▶ [WORK REQUEST] Return the lines that run from the beginning of the entries to the line holding "移除:進(jìn)入我的小程", inclusive, and drop the pictures.

**** RECORD EXCERPTS

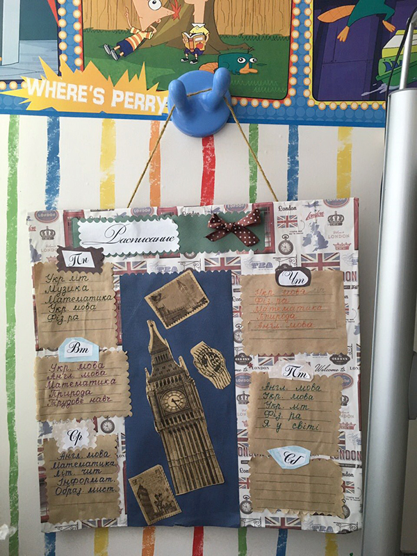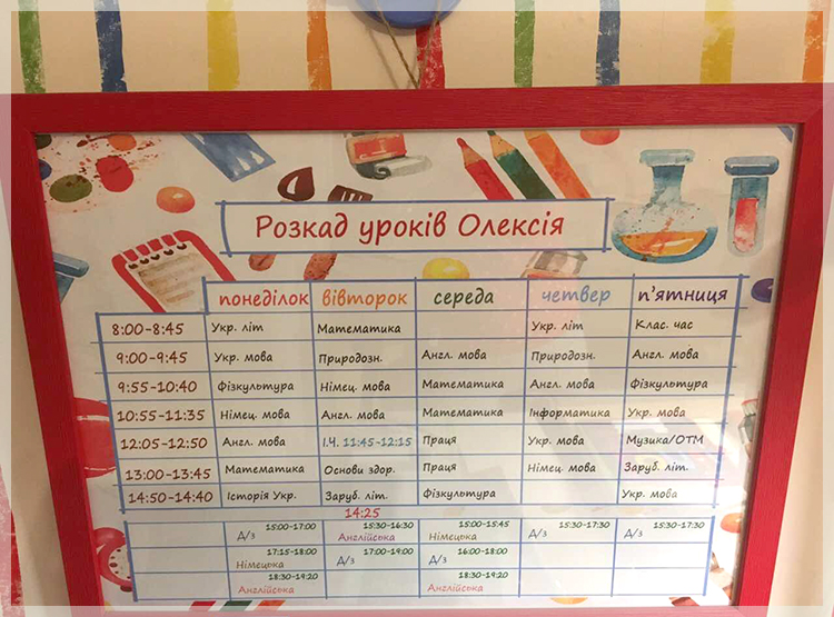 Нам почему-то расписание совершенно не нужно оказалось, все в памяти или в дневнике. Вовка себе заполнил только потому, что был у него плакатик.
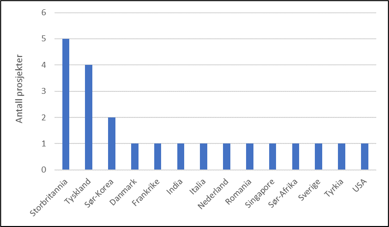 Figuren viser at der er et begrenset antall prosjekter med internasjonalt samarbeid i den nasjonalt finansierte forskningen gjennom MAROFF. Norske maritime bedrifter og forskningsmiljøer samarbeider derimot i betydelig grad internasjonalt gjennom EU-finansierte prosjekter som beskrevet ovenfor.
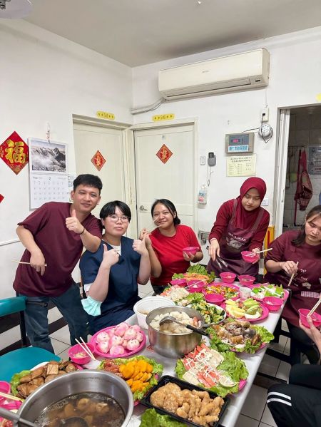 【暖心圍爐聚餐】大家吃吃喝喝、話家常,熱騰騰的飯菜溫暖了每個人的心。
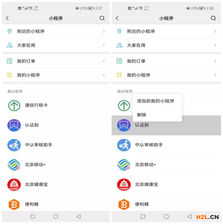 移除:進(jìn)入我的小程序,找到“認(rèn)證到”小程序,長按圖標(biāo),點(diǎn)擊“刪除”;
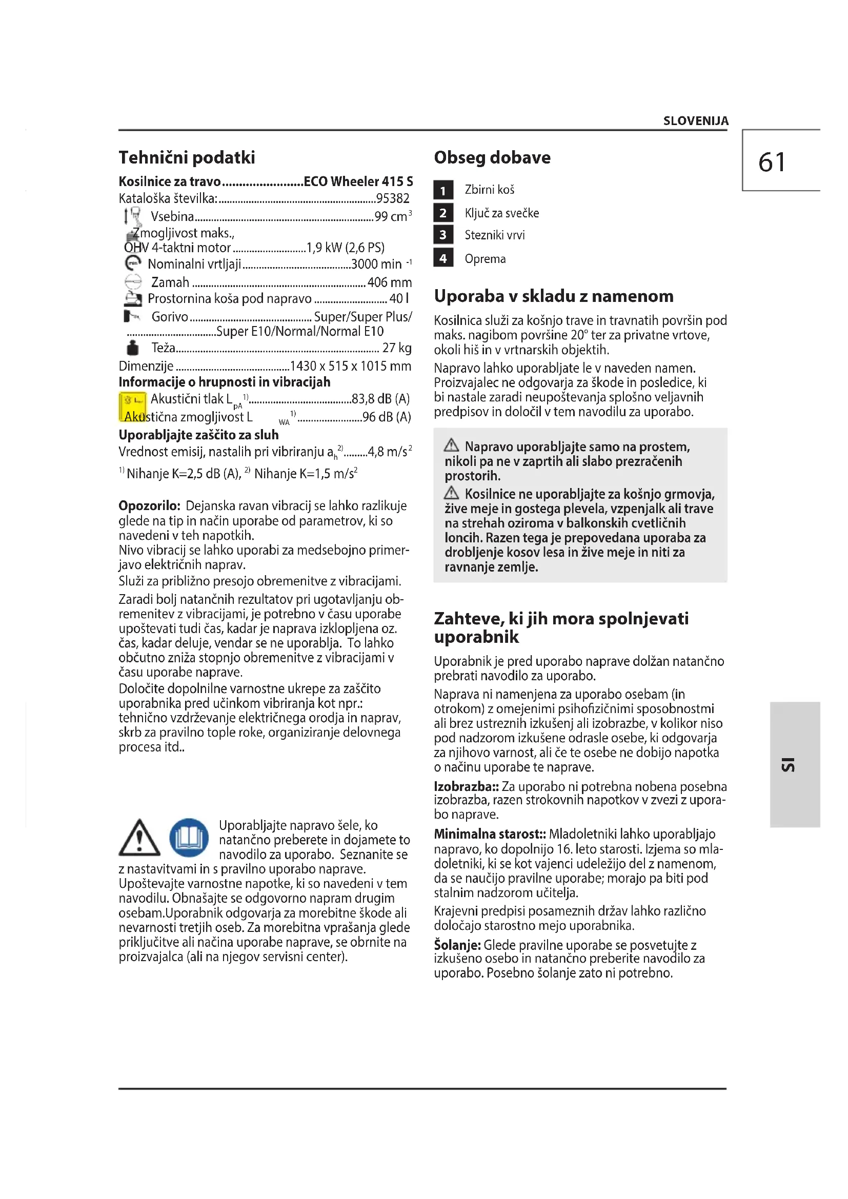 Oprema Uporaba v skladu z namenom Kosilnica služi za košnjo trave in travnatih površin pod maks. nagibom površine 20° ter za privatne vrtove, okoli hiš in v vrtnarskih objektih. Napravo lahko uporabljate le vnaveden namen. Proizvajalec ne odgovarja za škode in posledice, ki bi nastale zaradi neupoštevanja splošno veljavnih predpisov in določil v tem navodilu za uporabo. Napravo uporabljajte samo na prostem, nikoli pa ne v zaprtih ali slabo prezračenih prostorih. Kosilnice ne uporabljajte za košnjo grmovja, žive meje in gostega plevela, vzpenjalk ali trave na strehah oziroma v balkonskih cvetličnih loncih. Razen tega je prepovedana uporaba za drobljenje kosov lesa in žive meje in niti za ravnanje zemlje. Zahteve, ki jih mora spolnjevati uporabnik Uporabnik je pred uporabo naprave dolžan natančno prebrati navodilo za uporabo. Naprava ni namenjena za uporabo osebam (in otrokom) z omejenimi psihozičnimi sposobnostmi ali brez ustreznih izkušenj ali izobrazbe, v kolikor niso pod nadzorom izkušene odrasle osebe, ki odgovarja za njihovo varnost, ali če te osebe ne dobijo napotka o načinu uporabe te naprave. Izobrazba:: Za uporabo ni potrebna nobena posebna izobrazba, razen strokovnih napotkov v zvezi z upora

********

▶ [OUTPUT FOR THIS EXERCISE]
 Нам почему-то расписание совершенно не нужно оказалось, все в памяти или в дневнике. Вовка себе заполнил только потому, что был у него плакатик.
 Figuren viser at der er et begrenset antall prosjekter med internasjonalt samarbeid i den nasjonalt finansierte forskningen gjennom MAROFF. Norske maritime bedrifter og forskningsmiljøer samarbeider derimot i betydelig grad internasjonalt gjennom EU-finansierte prosjekter som beskrevet ovenfor.
 【暖心圍爐聚餐】大家吃吃喝喝、話家常,熱騰騰的飯菜溫暖了每個人的心。
 移除:進(jìn)入我的小程序,找到“認(rèn)證到”小程序,長按圖標(biāo),點(diǎn)擊“刪除”;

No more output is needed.